In the present disclosure, a process of construction of the database for each of the nucleotide sequences ITS and matK of the Nymphaea specifically includes:
-
- a, searching a nucleotide database of the National Center of Biotechnology Information (NCBI, www.ncbi.nlm.nih.gov/nucleotide) with syntaxes “((Nymphaea[Organism]) AND 5.8S[Title]) NOT PREDICTED[Title]” and “((Nymphaea[Organism]) AND matK[Title]) NOT PREDICTED[Title]”, to obtain all data of the sequences of ITS and matK of the Nymphaea; acquiring 59 published chloroplast genomes of the Nymphaea with a syntax “chloroplast, complete genome[Title] OR plastid, complete genome[Title]) AND Nymphaea[Organism]”, and extracting a matK sequence in the chloroplast genomes;
- b, conducting stringent filtration to retain one sequence for each “species unit”, namely species/subspecies/variety/form/hybrid of the sequences of ITS and matK; and
- c, conducting alignment, adjusting the sequences with inconsistent sequence directions, and then conducting re-alignment to obtain the database of the nucleotide sequences ITS and matK of the Nymphaea.

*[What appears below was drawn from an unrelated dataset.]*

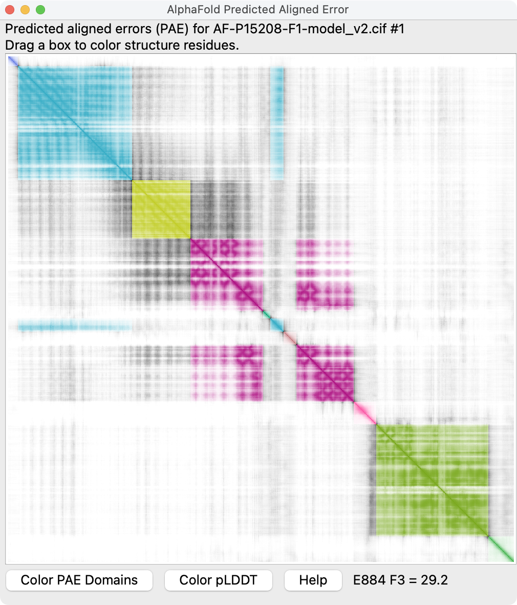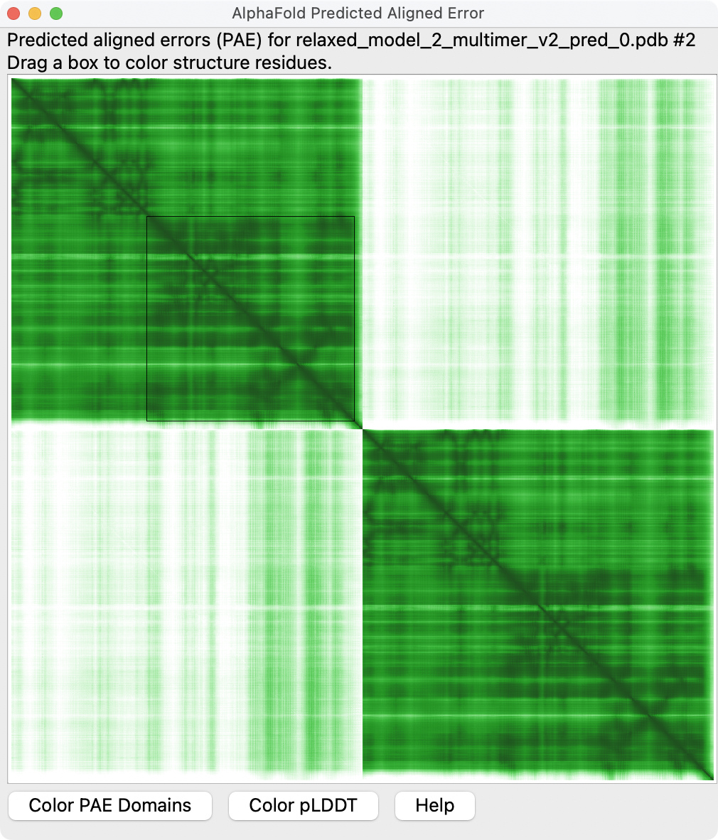 Here is an example where the PAE plot and default PAE domain coloring suggests some domain packing is correct when it is actually wrong. Adjusting the PAE domain clustering threshold can highlight the wrong domain packing.
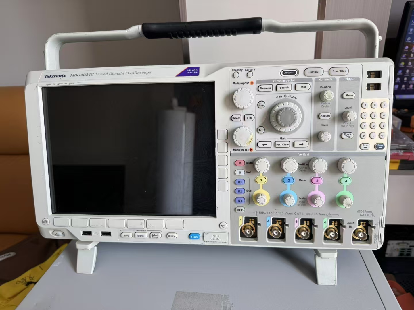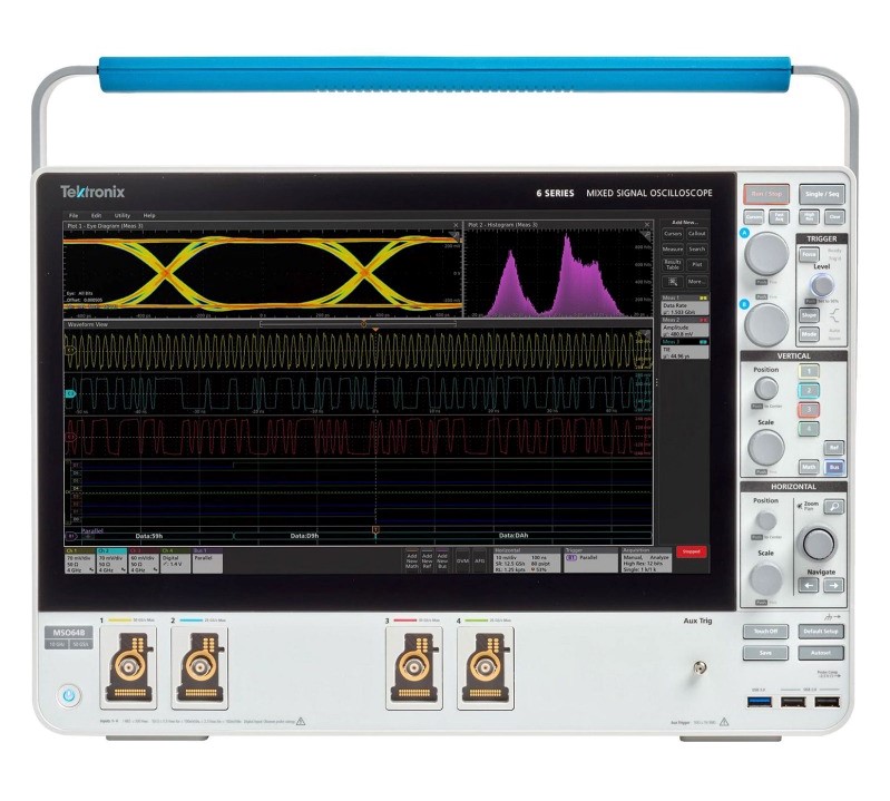 The Tektronix MSO54 provides a better understanding of complex systems by offering six analog channels and a large 15.6" HD (1,920 x 1,080) display. Many applications, such as embedded systems, three-phase power electronics, automotive electronics, power supply design, and DC-DC power converters require the observation of more than four analog signals to validate and characterize device performance and debug challenging system problems, and digital channels share the same high sampling rate (up to 6.25 GS/s) for fine timing. The resolution and long recording length (up to 125 Mpoints) allow for long time capture as an analog channel.

In the present disclosure, the stringent filtration specifically includes:
-
- a, removing a species whose species name includes unverified, sp., and cf , retaining a subspecies, a variety, a form, and a clear hybrid that are included in the species, which are referred to as “species units”, and regarding each of an isolate, a voucher, a genotype, and a strain as a cultivar and classifying the cultivar into each “species unit”;
- b, if the “species unit” has only one sequence, omitting the filtration; after the filtration is conducted, retaining only one sequence for each “species unit”;
- c, if a sequence of the cultivar in step a is quite different from that of the “species unit”, removing the sequence of the cultivar preferentially;
- d, removing a sequence with a significantly high difference, especially in a coding region such as 5.8S rRNA preferentially; removing a sequence having an unknown base and a degenerate base preferentially; and retaining a longer sequence preferentially;
- e, using the matK sequence extracted from the chloroplast genomes only as a supplement; when the matK sequence obtained by sequencing already has the “species unit”, discarding the matK sequence extracted from the chloroplast genomes preferentially; and
- f, retaining a sequence as a sequence that best represents the “species unit”, that is, a sequence being closest to a consensus sequence obtained from multiple sequences.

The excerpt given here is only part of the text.